About this exercise | Beginning at the line that contains "女の子の漢服靴2024新型子", reproduce the entries below exactly, ending with the line that contains "The structure is". Omit each picture.

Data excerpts

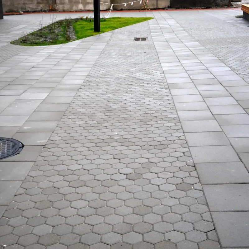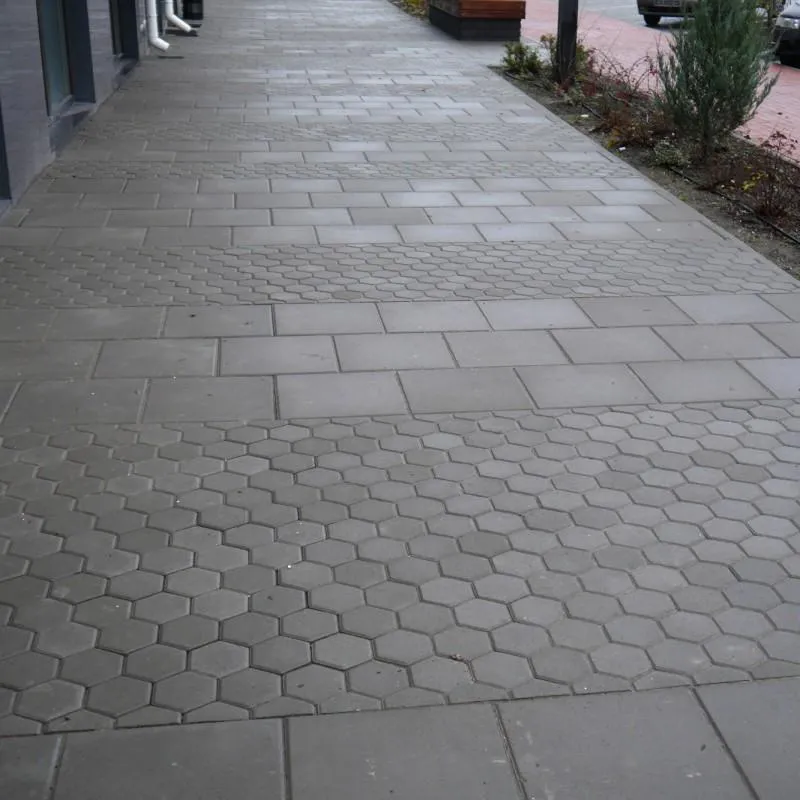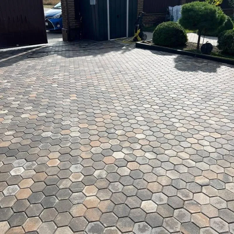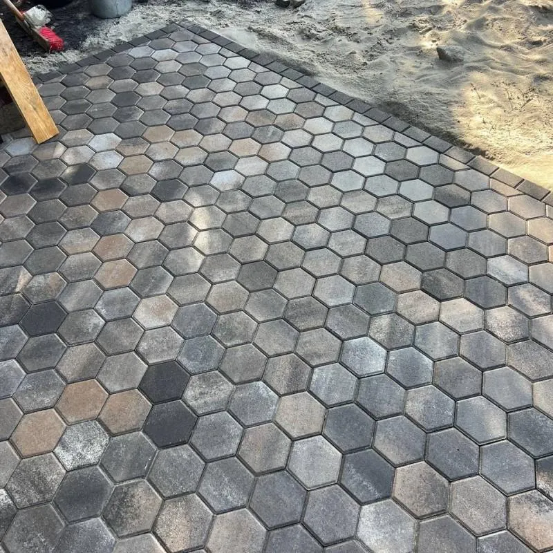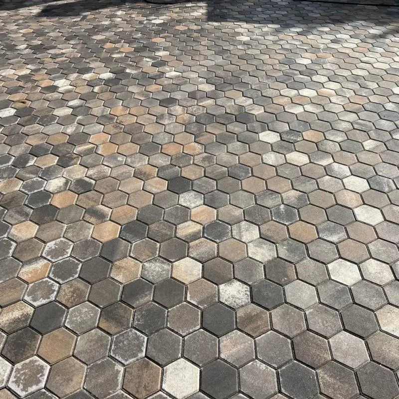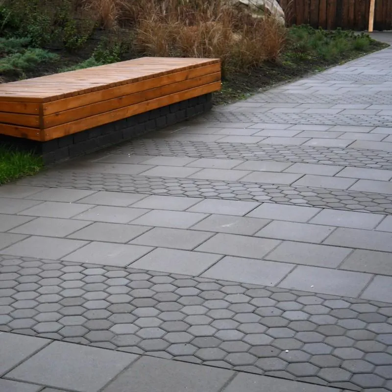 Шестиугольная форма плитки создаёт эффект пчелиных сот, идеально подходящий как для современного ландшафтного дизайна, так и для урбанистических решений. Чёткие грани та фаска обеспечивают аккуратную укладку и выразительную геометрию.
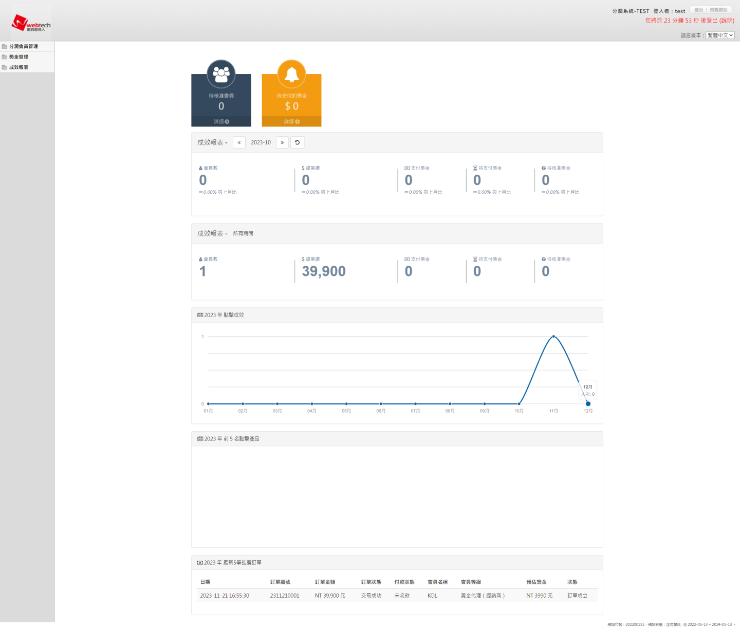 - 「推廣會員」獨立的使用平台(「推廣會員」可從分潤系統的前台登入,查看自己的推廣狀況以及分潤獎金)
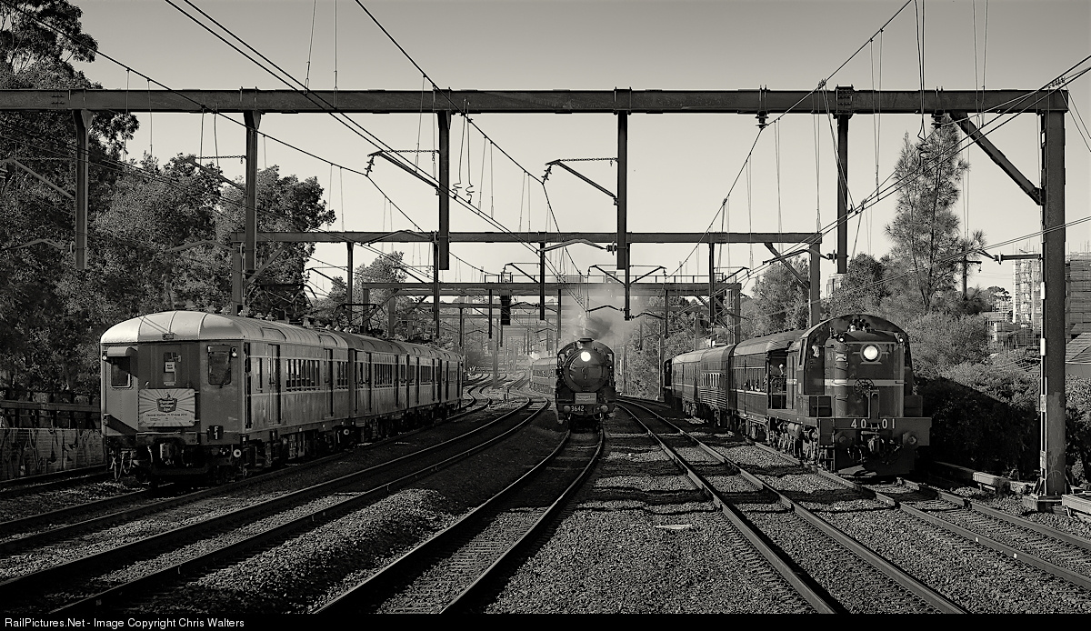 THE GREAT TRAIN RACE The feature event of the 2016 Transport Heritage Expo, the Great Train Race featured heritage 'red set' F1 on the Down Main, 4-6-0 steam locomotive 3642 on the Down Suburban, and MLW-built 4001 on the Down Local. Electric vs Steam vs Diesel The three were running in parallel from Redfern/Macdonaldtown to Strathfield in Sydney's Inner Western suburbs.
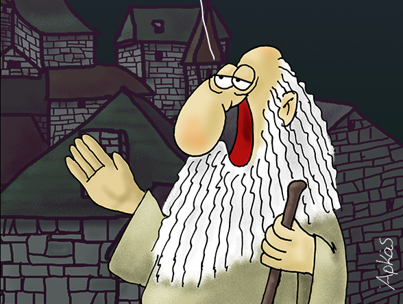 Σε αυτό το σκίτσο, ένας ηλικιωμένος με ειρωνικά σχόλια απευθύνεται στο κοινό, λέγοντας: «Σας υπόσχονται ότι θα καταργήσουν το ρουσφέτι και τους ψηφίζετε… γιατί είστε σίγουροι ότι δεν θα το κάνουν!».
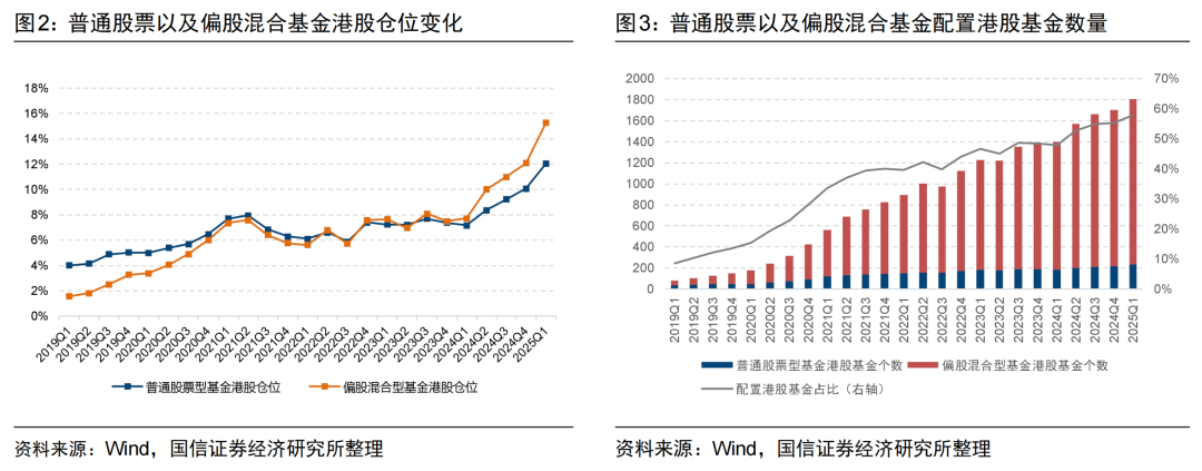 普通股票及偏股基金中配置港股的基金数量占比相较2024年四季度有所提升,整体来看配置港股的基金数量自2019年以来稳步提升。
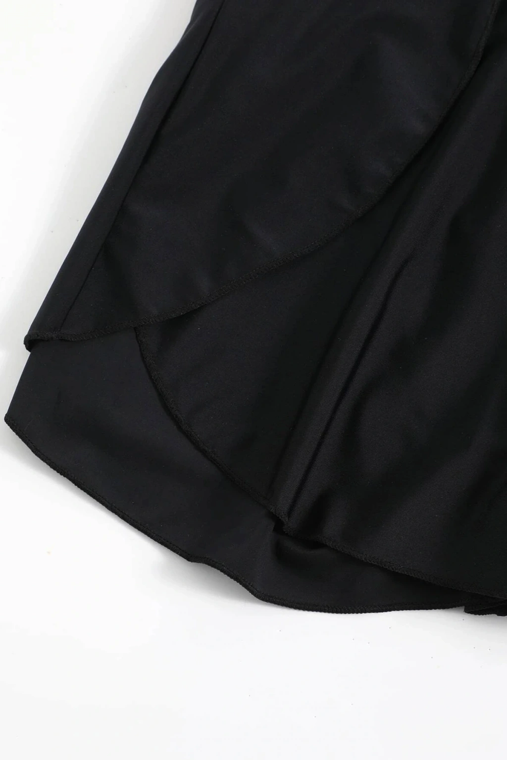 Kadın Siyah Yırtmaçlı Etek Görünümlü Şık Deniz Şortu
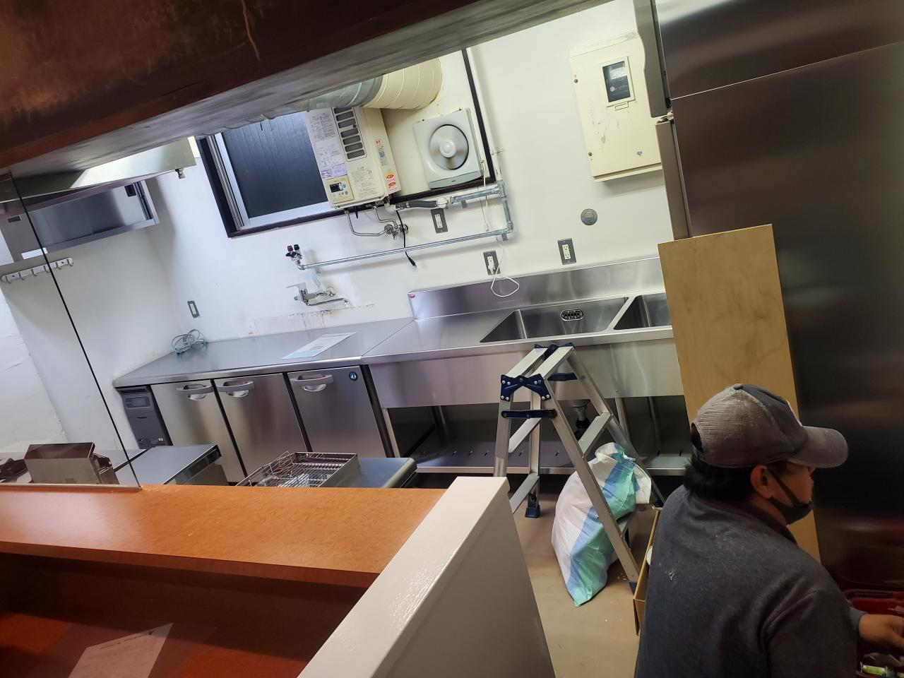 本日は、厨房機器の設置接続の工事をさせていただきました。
...
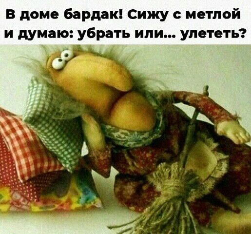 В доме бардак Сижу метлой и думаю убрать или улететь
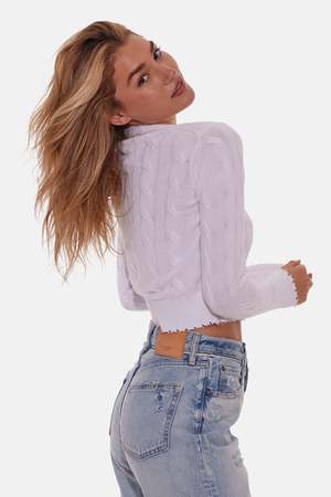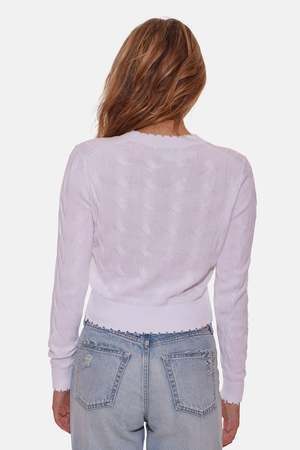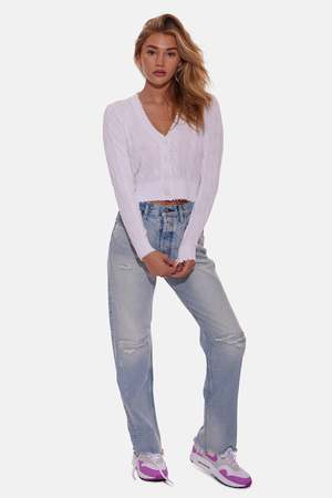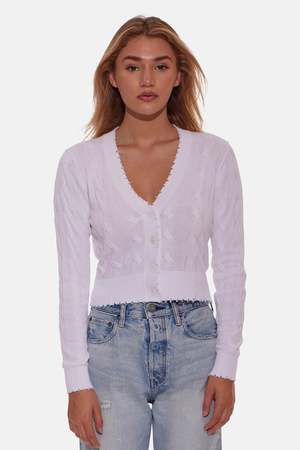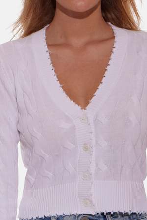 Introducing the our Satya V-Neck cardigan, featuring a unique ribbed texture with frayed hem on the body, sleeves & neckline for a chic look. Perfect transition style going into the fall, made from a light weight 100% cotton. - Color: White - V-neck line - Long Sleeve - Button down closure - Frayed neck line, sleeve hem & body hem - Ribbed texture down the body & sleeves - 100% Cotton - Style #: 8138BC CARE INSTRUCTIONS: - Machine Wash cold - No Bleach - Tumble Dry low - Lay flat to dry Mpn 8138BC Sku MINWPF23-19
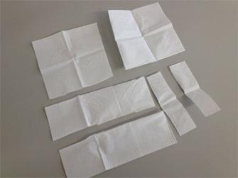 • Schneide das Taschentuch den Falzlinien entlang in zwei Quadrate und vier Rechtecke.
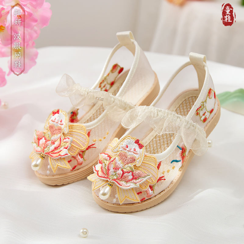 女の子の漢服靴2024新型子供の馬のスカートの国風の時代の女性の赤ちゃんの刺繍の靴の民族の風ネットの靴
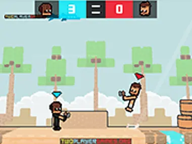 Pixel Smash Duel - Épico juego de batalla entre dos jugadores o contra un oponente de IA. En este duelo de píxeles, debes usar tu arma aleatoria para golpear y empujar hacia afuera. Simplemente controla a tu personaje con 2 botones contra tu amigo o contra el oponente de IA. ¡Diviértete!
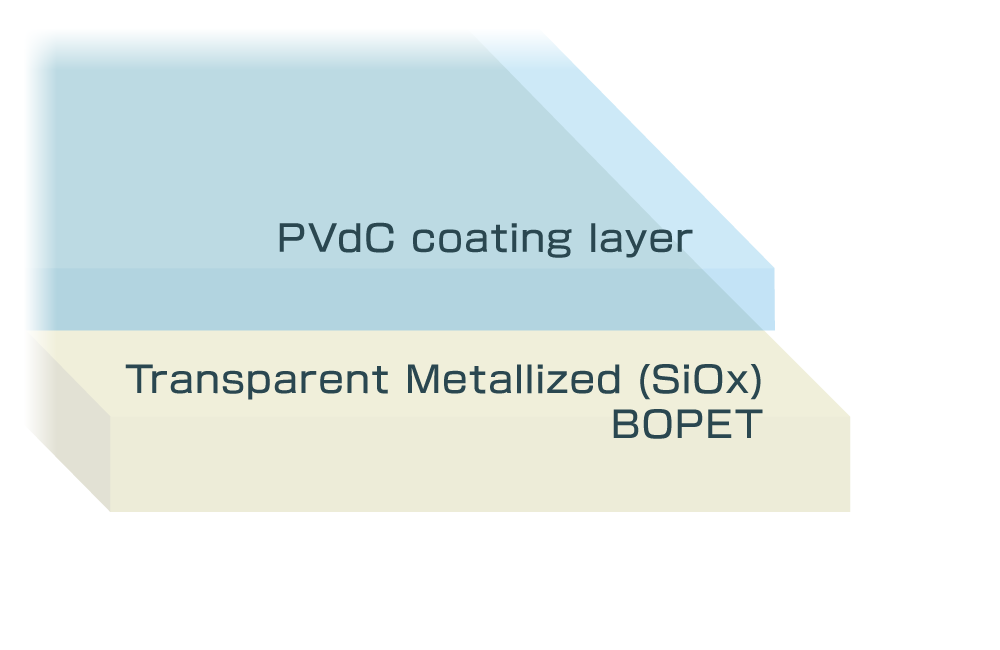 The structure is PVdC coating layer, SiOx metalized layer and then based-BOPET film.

Reply to the exercise |
 女の子の漢服靴2024新型子供の馬のスカートの国風の時代の女性の赤ちゃんの刺繍の靴の民族の風ネットの靴
 Pixel Smash Duel - Épico juego de batalla entre dos jugadores o contra un oponente de IA. En este duelo de píxeles, debes usar tu arma aleatoria para golpear y empujar hacia afuera. Simplemente controla a tu personaje con 2 botones contra tu amigo o contra el oponente de IA. ¡Diviértete!
 The structure is PVdC coating layer, SiOx metalized layer and then based-BOPET film.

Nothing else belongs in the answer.